Delitto di Garlasco: i nuovi indizi su Andrea Sempio

Dopo 18 anni ora si indaga di nuovo sul caso Poggi. L’11 marzo 2025 si è scoperto infatti che un amico del fratello minore di Chiara, Andrea Sempio (già entrato e uscito dalle indagini del delitto di Garlasco) è stato nuovamente indagato per la morte della donna. Sul tavolo c’è di nuovo il DNA trovato sulle unghie della vittima, incompatibile con quello di Alberto Stasi, su cui ora si lavora seguendo metodi e tecniche di nuova generazione. L’accusa per Sempio è di omicidio in concorso con ignoti o con lo stesso Stasi. Una settimana prima, raggiunto dall’informazione di garanzia, si era rifiutato di sottoporsi all’esame salivare e al tampone, poi disposti in modo coattivo.
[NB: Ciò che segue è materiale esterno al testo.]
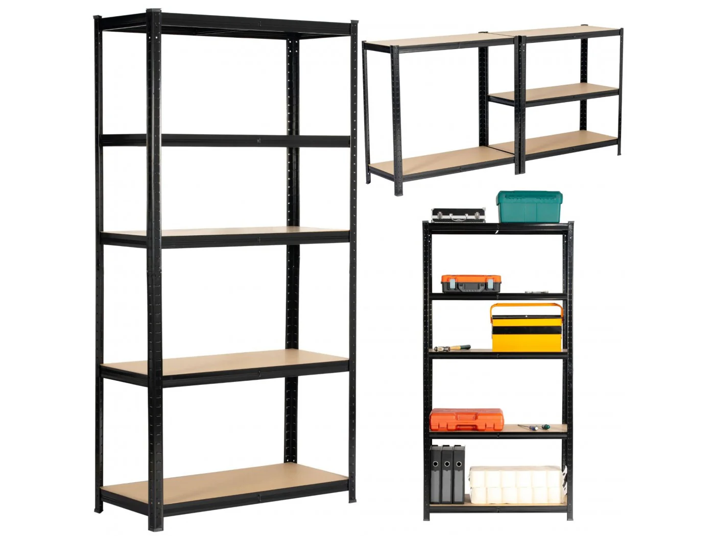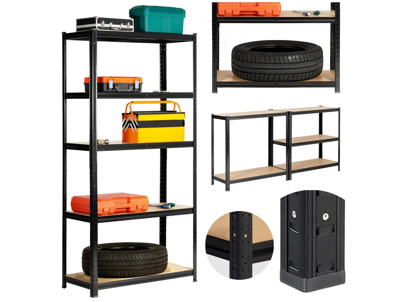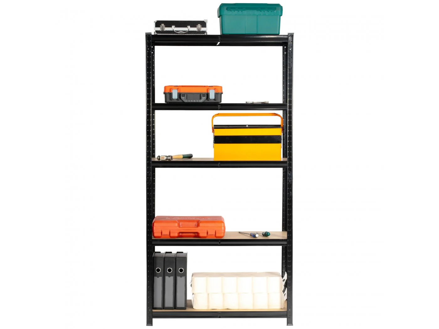 Regał metalowy idealnie pasujący do przechowywania. Nadaje się do garażu, warsztatu, komórki lokatorskiej, jak również do pomieszczeń gospodarczych. Regał w kolorze czarnym o szerokości 90 cm oraz 180 wysokości. Pólki wykonane z wytrzymałej płyty MDF. Nośność na półkę wynosi 175kg.

A questo si è aggiunta la necessità di comparare le impronte, quelle delle scarpe e quelle digitali, lasciate dall’assassino sulla scena del crimine e di sviluppare alcuni indizi, come le tre telefonate sospette di Scempio e il biglietto di un parcheggio che potrebbe essere servito dall’indagato per la precostituzione di un alibi.